=== Raw data ===
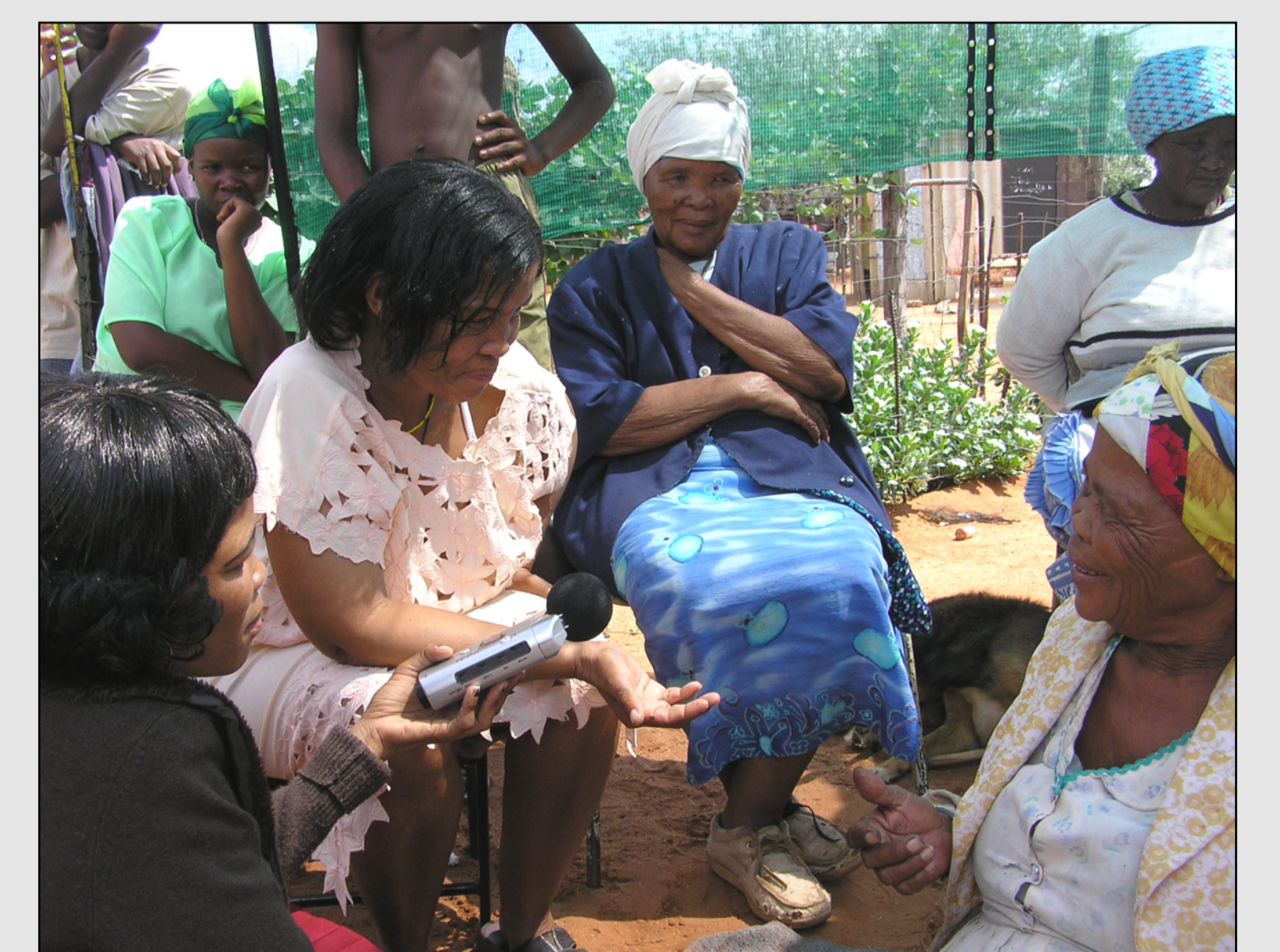
Two !Xoon ladies from Corridor 18 (left) interviewing a remnant speaker at Leonardville.

Activities carried out in order to support the speech community especially in Namibia for the promotion and official recognition of the Taa language included the organization of meetings with officials and NGOs, computer training, and several orthography workshops.
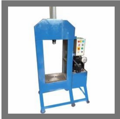
Orthopedic Nail Clamping Hydraulic Press Machine
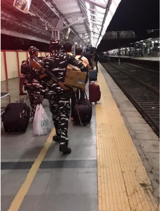
CRPF guard helping students
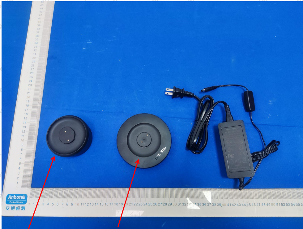
Cup base A
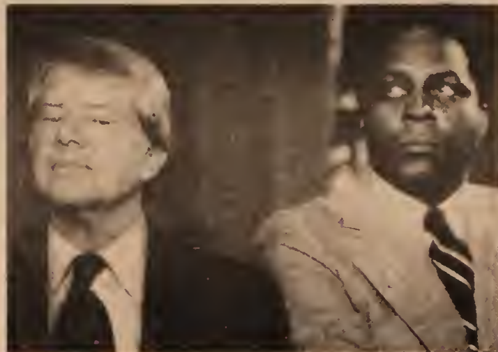
Carter with Vernon Jordan at the Urban League convention.

Democratic Party hacks that "benign neglect" of the black population is bipartisan policy, a show of bravado, hot air and empty threats was necessary. But Jordan et al. were careful to cover their bets. "Mr. Carter, after all, is only the chief executive," Jordan explained, as administration officials hastened to point out that Congress was the real culprit.
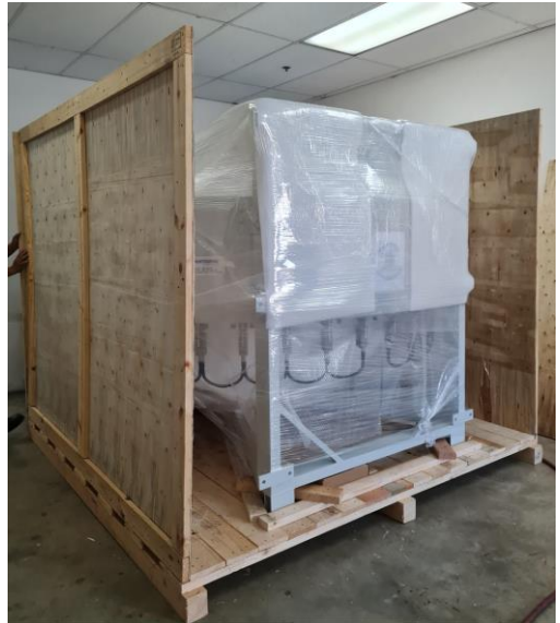
14 Securing Side Panel Rear View
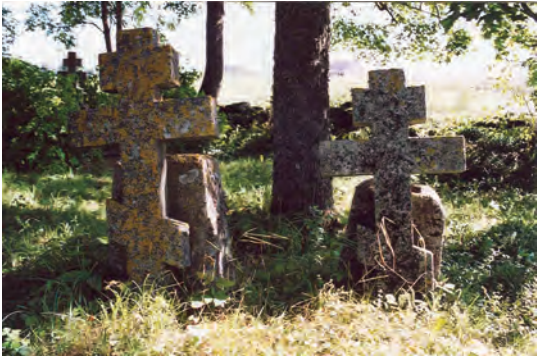
Fig. 26. Kauniškis, neglected grave-stones in the Old Believer cemetery.
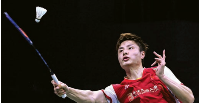
China's Shi Yuqi hits a return against Indonesia's Anthony Sinisuka Ginting during their 2023 Sudirman Cup quarter-final.
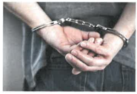
Two Fidelity Employees Arrested For Robbery
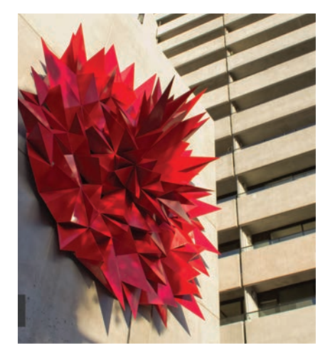
Figure 2: "The Moment" by Damian Vick

The paint systems detailed under Service Conditions 1 and 2, are essentially decorative paint systems.
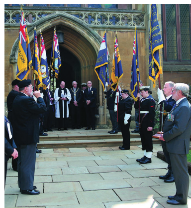
HMS Coventry memorial service at Holy Trinity Church, Coventry

Over 200 people attended a memorial service for the sinking of HMS Coventry during the Falklands Conflict of 1982. This took place on the 25th May at Holy Trinity Church, Coventry and was particularly poignant coming just 3 days after the Manchester Arena bombing.
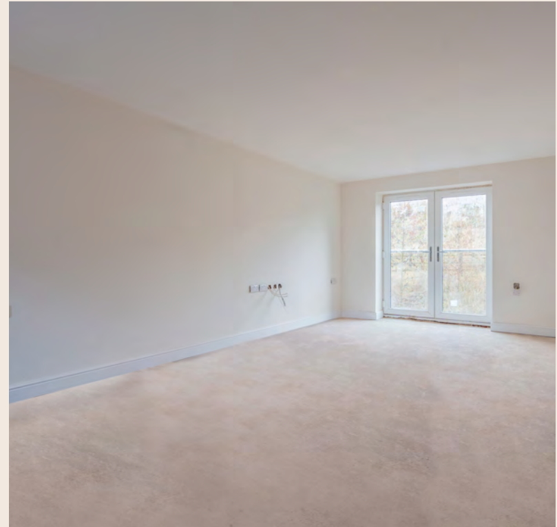
First Coat Underway in Kitchen/Living Areas of Lower Floors
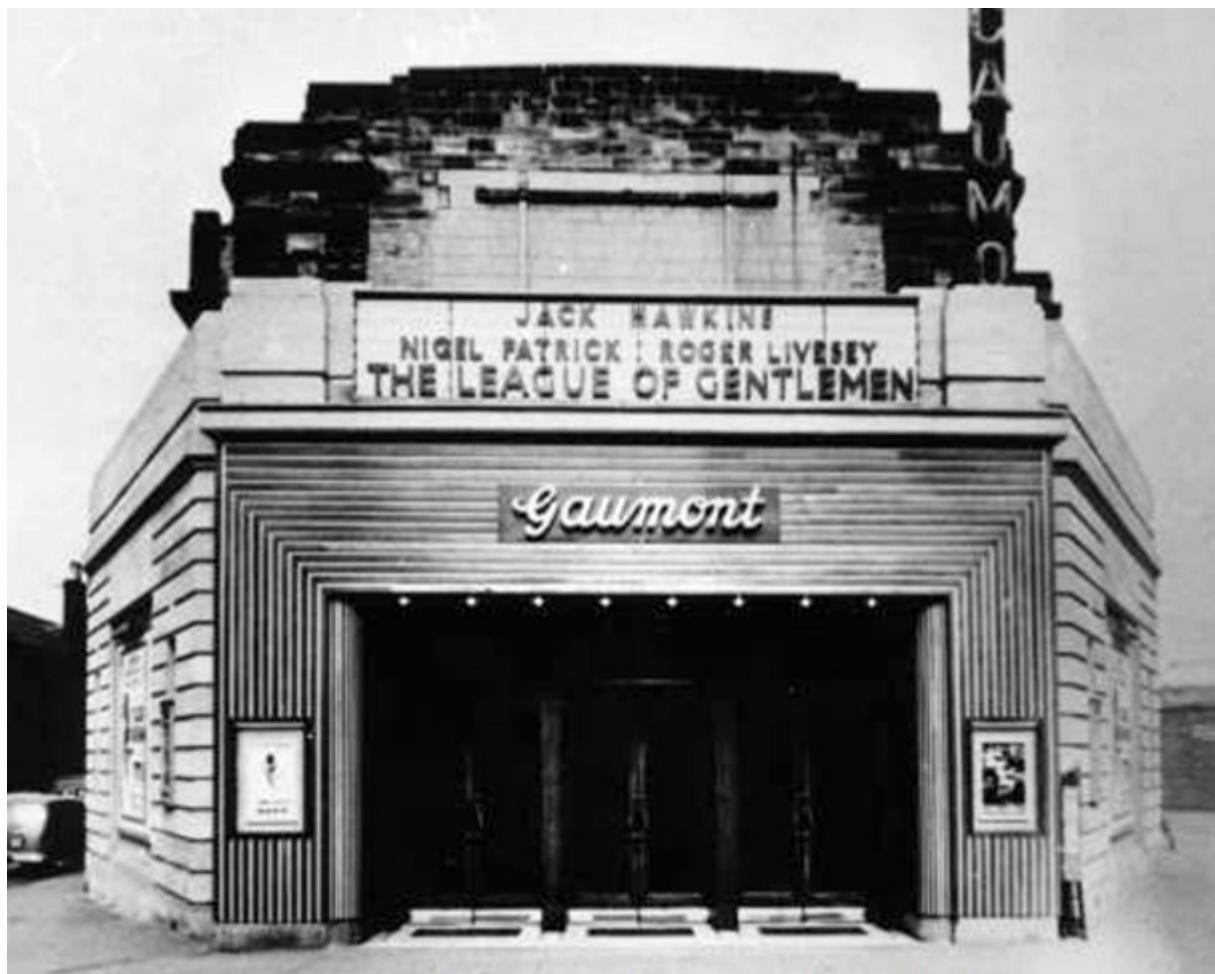
Rutland / Gaumont Cinema, 4-8 Canning Street, Edinburgh.
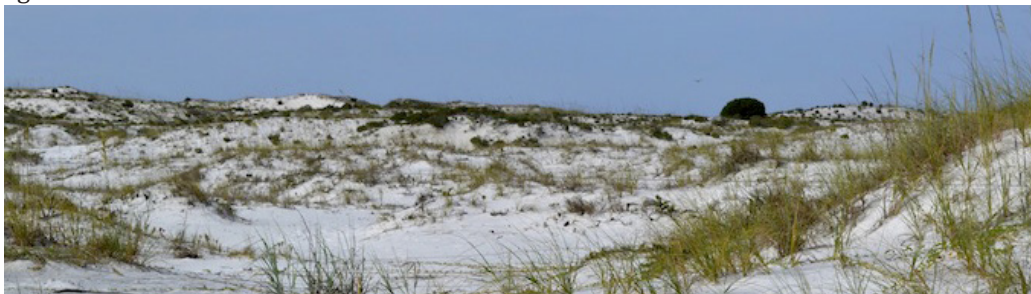
GEBF funds will restore dune habitats to enhance Florida’s coastline for dune species. The picture above represents a healthy dune habitat.

The project seeks to restore and conserve coastal dune habitat through restoration of ecological function across a wide geographical area. Projects to restore and maintain the ecological functions of landscape-scale coastal habitats are a top priority under the Florida GEBF Restoration Strategy. Proposed project activities will also address the need for greater connectivity within the coastal dune system as outlined in U.S. Fish and Wildlife Service’s Strategic Plan for the Gulf Coast. Outcomes of the project will restore the connectivity of the coastal dune system, benefitting several species including shorebirds, sea turtles and endangered beach mice while also strengthening the system against the threat of future harm.
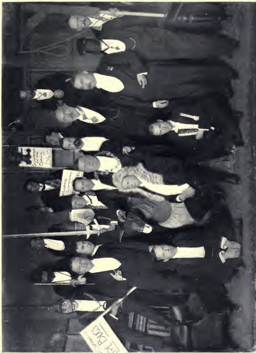
A FLEET STREET REVEL AT THE PRESS CLUB WITH VISCOUNT BURNHAM AND SIR W. H. DUNN ON SATURDAY, FEBRUARY 9, 1907.
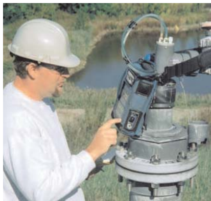
Trained technicians balance LFG system and seek ways to reduce odors

There is no “one size fits all” standardized application of odor management practices, but there are numerous effective odor prevention and control measures with a proven success record. The following techniques, alone or in the best combination for the particular site, represent a proactive approach to stopping odors before they become a problem:
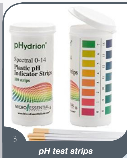
pH test strips
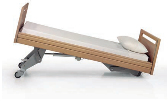
Reverse trendelenburg \pm 16^\circ

Ergonomic head and footboard panels that help manoeuvring the bed. The materials used (varnished beech) meet all the necessary requirements for hygiene and cleaning.
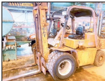
CAT V80E FORKLIFT
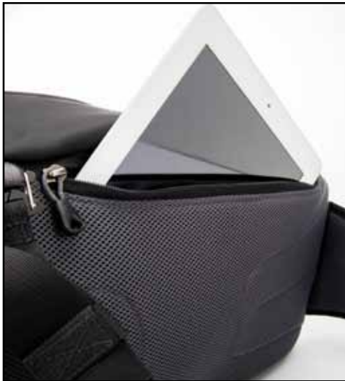
Padded tablet pocket for iPad or iPad mini
===
__Work instruction__: If a picture sits between the line containing "by Damian Vick" and the line containing "Rutland / Gaumont", leave it out, and return the lines of that range above exactly, both ends included.

__Task solution__:
Figure 2: "The Moment" by Damian Vick

The paint systems detailed under Service Conditions 1 and 2, are essentially decorative paint systems.
HMS Coventry memorial service at Holy Trinity Church, Coventry

Over 200 people attended a memorial service for the sinking of HMS Coventry during the Falklands Conflict of 1982. This took place on the 25th May at Holy Trinity Church, Coventry and was particularly poignant coming just 3 days after the Manchester Arena bombing.
First Coat Underway in Kitchen/Living Areas of Lower Floors
Rutland / Gaumont Cinema, 4-8 Canning Street, Edinburgh.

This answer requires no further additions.